Well, in your example, you have:
連盟(れんめい)league, federation, union, alliance

But if I did this on my machine, it'd end up like:
連盟(れんめい)
league, federation, union, alliance

See how the definition is on the 2nd line? As long as you're doing kanji words, you can replace ")\n" with just ")" in order to remove the line breaks between the hiragana and definition.*

But yeah, once you have each kanji/hiragana/definition on its own line, you can just replace all the ( and ) with tabs** and have a file you should be able to importable.

*I don't know what your newline or tab characters are represented by. My newline is \r, but I've had files that use \n. You can probably just copy/paste the part where it actually goes from one line to another. You won't be able to see anything selected, but I've gotten it to work successfully before.
**Same goes for tab. Could be \t, ^t, I don't know. You can also copy/paste tabs as well.

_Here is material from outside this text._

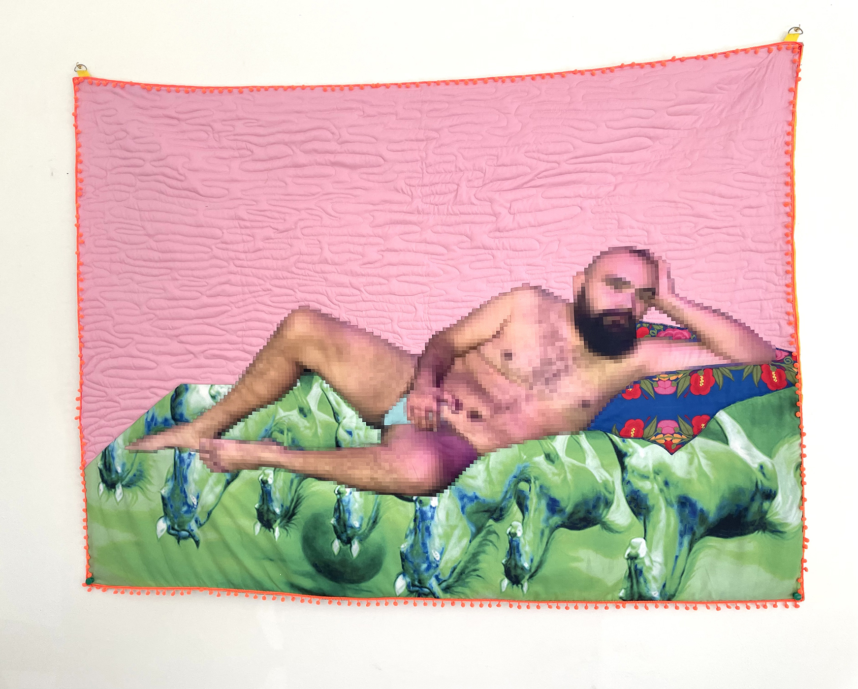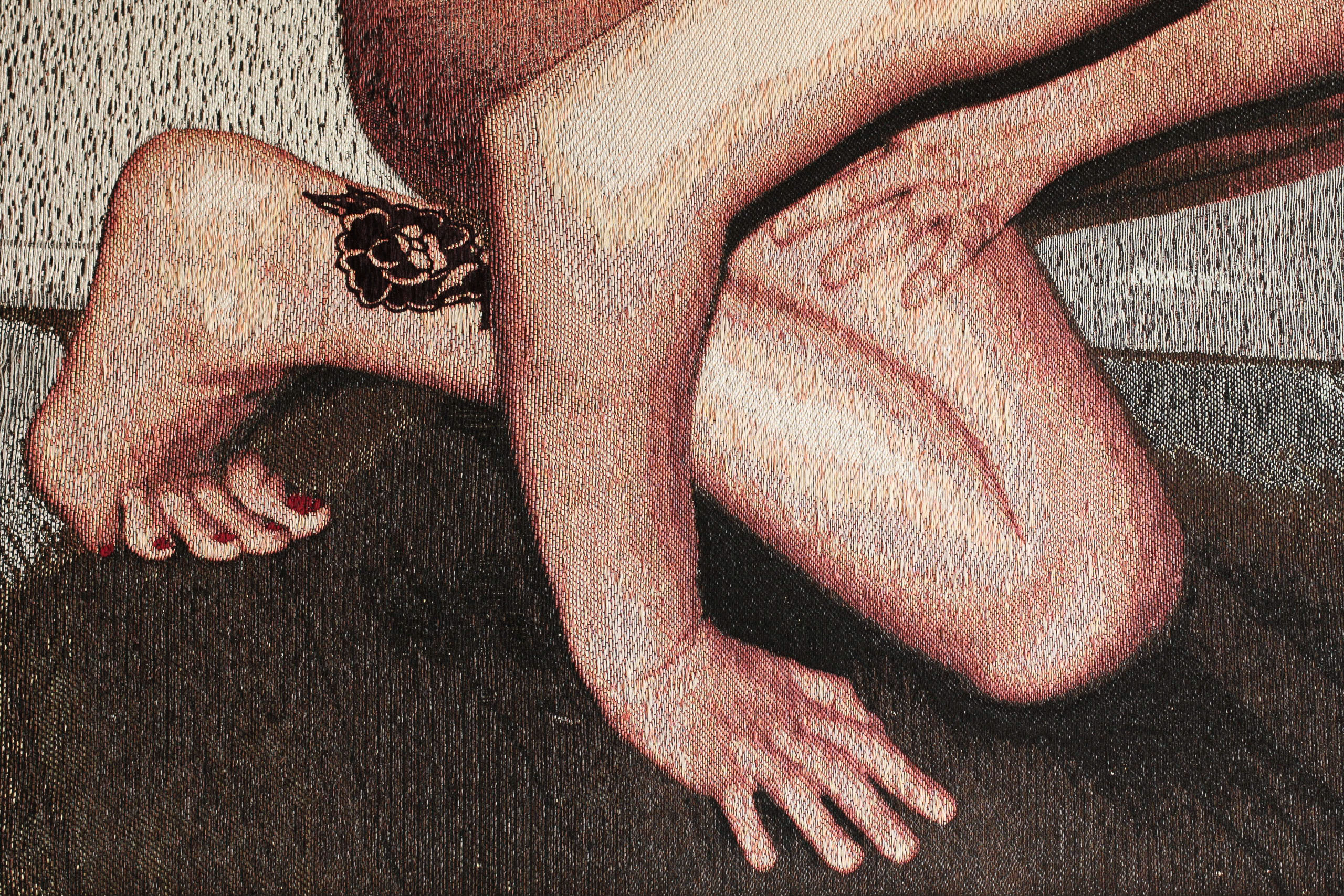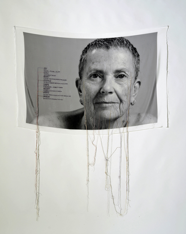 Hand embroidery, crepe de chine, photo transfer of the artist [40" x 60"]

separating vocab fields in a TXT document, any faster ways? - Tolerence91 - 2011-04-03

thanks guys! I've taken advice from everyone
@asriel understood. thanks a lot for the explanations my only problem now, is i've gone ahead and created the tab spaces for each field using nest0r's spacing. the import isn't working right though. after i finish it looks like this

初対面 しょたいめん first meeting,first interview with

実際 じっさい practicality, practical; reality,actuality, actual conditions; bhutakoti (limit of reality)

初対面 しょたいめん first meeting, first interview with

` チンピラ young hoodlum, small-time yakuza, delinquent boy, delinquent girl, hooligan, punk
a lot of the cards are missing fields for some reason. I've made sure there was a tab and made a "`" for cards that are missing kanji out of personal perference.


separating vocab fields in a TXT document, any faster ways? - Asriel - 2011-04-03

Hmm...Well it seems you've got the spreadsheet-creation working just fine.

The only thing I can think of off the top of my head is that the number of fields in your Anki deck don't match the 3 fields you put in your spreadsheet? Is Anki looking to split up by commas?

Unfortunately, right now I can't think of what the problem actually is, but as far as I can see, the spreadsheet is OK...